Group of Japanese Buddhist statues

The Ogatamiyasako West Stone Buddhas (緒方宮迫西石仏, Ogatamiyasako nishi sekibutsu) is a group of religious statues carved in bas-relief into a tuff cliff in Ogata neighborhood of the city of Bungo-Ōno, Ōita Prefecture on the island of Kyushu, Japan. The site was designated a National Historic Site of Japan in 1934.

==Overview==
Constructing Buddha statues out of stone is widely practiced in Buddhist areas in Asia. These images can be divided into three broad types: Magaibutsu (磨崖仏), bas-relief images carved directly into a cliff face, movable independent stone Buddhas carved from cut stone, and cave Buddhas carved inside rock caves, The Inukai images can be classed as Magaibutsu.
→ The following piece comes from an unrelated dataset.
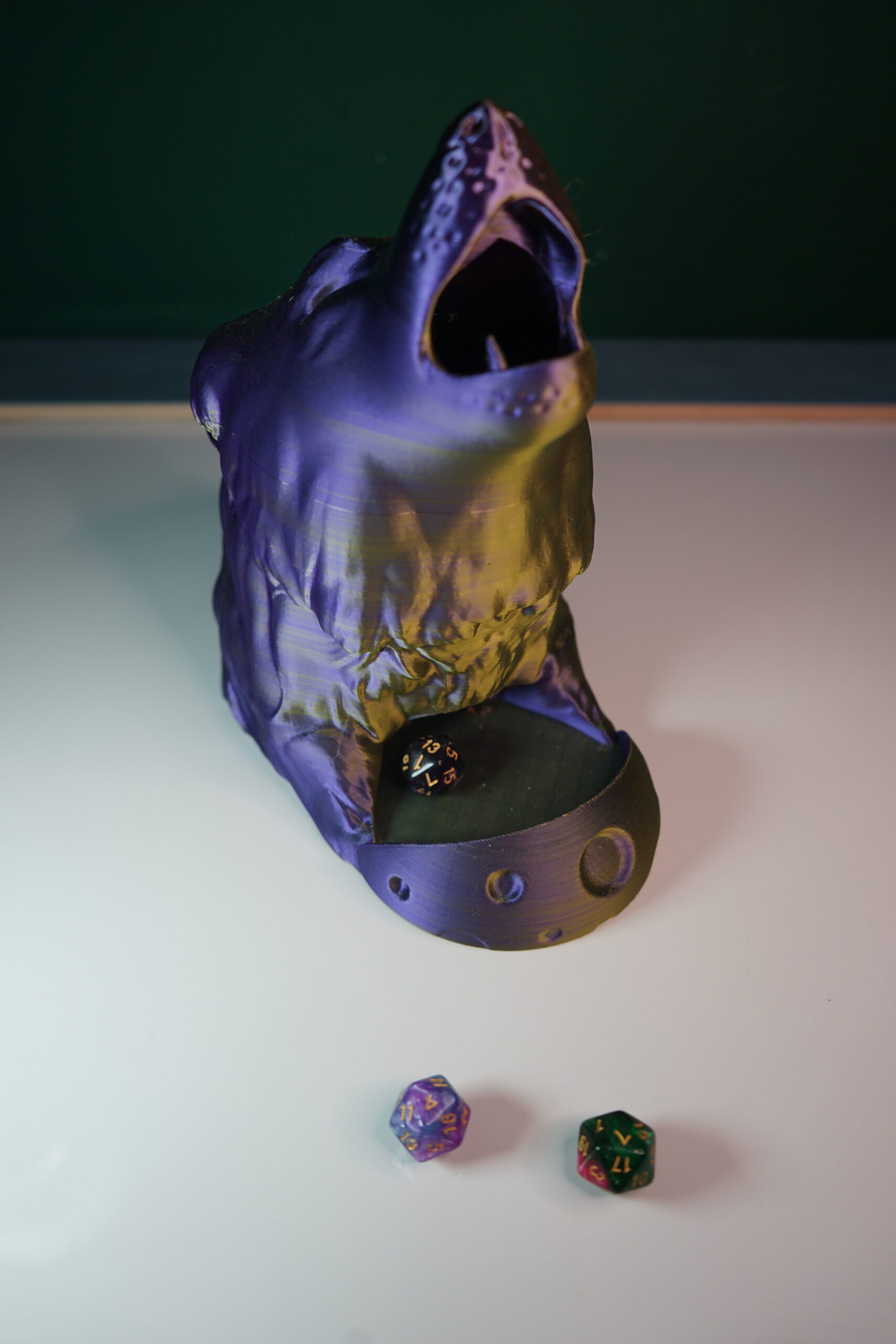 This is 3D printed, using Bambu X1 Carbon, and quality PLA. Dice Not Included.

The Ogatamiyasako West Stone images are carved into a cliff on the west side of a hill that juts out on the right bank of the Ogata River, a tributary of the Ōno River. It is said to have been built by Ogata Koreyoshi, a Bungo samurai-priest. The images are a trio of bas-relief statues centered round a Shaka Nyorai, with Amida Nyorai on the right and Yakushi Nyorai on the left. The statues are 1.4 meters high, and are carved from the back wall to a thickness similar to that of a round carving. Each has spiral hair, long faces, thick eyebrows, stern eyes, and full body, and the coloring remains in relatively good preservation. The flesh is ocher, the front of the clothes is vermilion, the folds are ultramarine blue, the eyebrows, eyes, and beard are painted in ink, and the lips are painted in ink. is dotted with vermilion.The statues date from the late Heian period

Approximately 500 meters away is the Ogatamiyasako East Stone Buddhas, which is also designated as a National Historic Site.

The site is approximately 36 minutes walk from Ogata Station on the JR Kyushu Hōhi Main Line.